We can see that the model has improved as we progress through the steps, although maybe at the cost of complexity. At each step, we added the effect that resulted in the best model, but we didn’t say what “best” means. To have a process for deciding on the best model at each step and the best model over all steps, we need to be able to put a number on how good a model is. In fact, statisticians have thought up many ways to do this. In this example, we have used the corrected Akaike's Information Criterion or AICc. At each step, we added the effect that gave the model with the lowest AICc. Here, we have a plot of AICc versus step number:
A lower AICc represents a better model: AICc reduces as the fit to the data improves; adding parameters to the model increases AICc. We can use it to find the sweet spot that balances goodness-of-fit and complexity. In this case, we see that AICc reduces from Step 0 to Step 7 and then increases off-the-scale towards Step 20. (The yellow and green bands are a guide -- models with an AICc in those ranges are somewhat equivalent to the best model.) We might therefore choose the model at Step 7:
The process we have described is called stepwise regression or stepwise selection. More specifically, we used forward stepwise selection. You could use backward selection when you have more runs than parameters to fit, so you can start with all the effects in the model and work backwards by taking out the least important effect at each step. You can also use a combination of forward and backward. Another choice you have is whether to specify effect heredity, so that second order effects can only be included if their main effects are also in the model. Models that obey effect heredity are generally preferred.

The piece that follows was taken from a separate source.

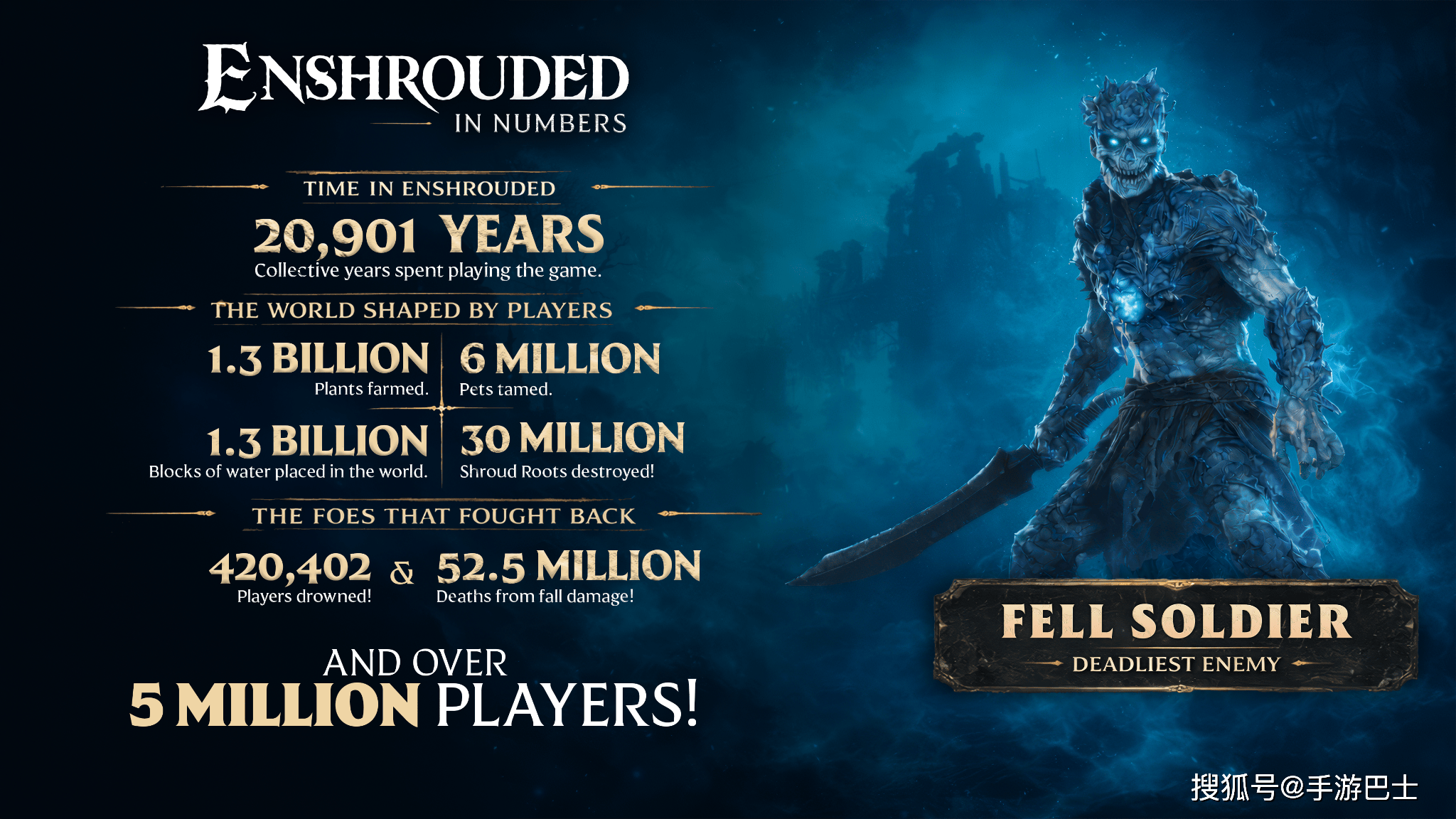 今日,Keen Games满怀激动(且带着一丝丝紧张)地告知各位:请期待2026年秋季《雾锁王国》正式版的发布。抢先体验开启后的爆发式成功,让团队有能力去执行并拓展《雾锁王国》最初的构想,而2026年下半年正是实现这一愿景的理想时机。1.0版本的发布并非终点,而是持续开发的全新篇章——后续还将有更多的优化、新增内容等。如果没有超过500万名玩家的支持,这段旅程绝无可能实现。开发团队再次向所有通过游戏、反馈和参与社区来添砖加瓦、添柴加火的火之子们致以诚挚的谢意。以下是收集到的一些令人惊叹的游戏数据:

These various options and others are available in an automated stepwise process in software like JMP. The Generalized Regression platform in JMP Pro gives an interactive and visual interface to explore the model possibilities. This is useful because the final choice of model will rely not just on AICc or any one statistical measure.
…But some are useful.” This famous quote captures a truth that is worrying if you are new to DoE: There is no right answer at the end of it all! The model will approximate the real behaviour, so will always be “wrong” in some sense. You shouldn’t think that this is a problem. Models that are “wrong” in this way allow us to focus on understanding the important behaviours to meet our scientific and engineering objectives. As we said before, we are aiming for a parsimonious model.
With this example, we have seen how we can build useful models by sorting through a relatively large number of possible effects to find the important few. We have also seen how we can use statistical methods, along with our experience and knowledge of the system, to choose the most useful model. Our designed experiment gave us the data we needed to achieve this, and with the minimum experimental effort. At each step, the method can select the best effect because of the clarity that comes with the correlation properties of the design. Again, the take-home message is that if you want to be confident about efficiently getting to the most useful solution, you need to use DoE.
In the final post in this series, we will try to summarise all that we have learned and also talk about what we have missed.
 In fact, it seems that Einstein didn't say this. Ironically, his version was not as simple as it could have been.
 George Box. See this wikipedia entry for more.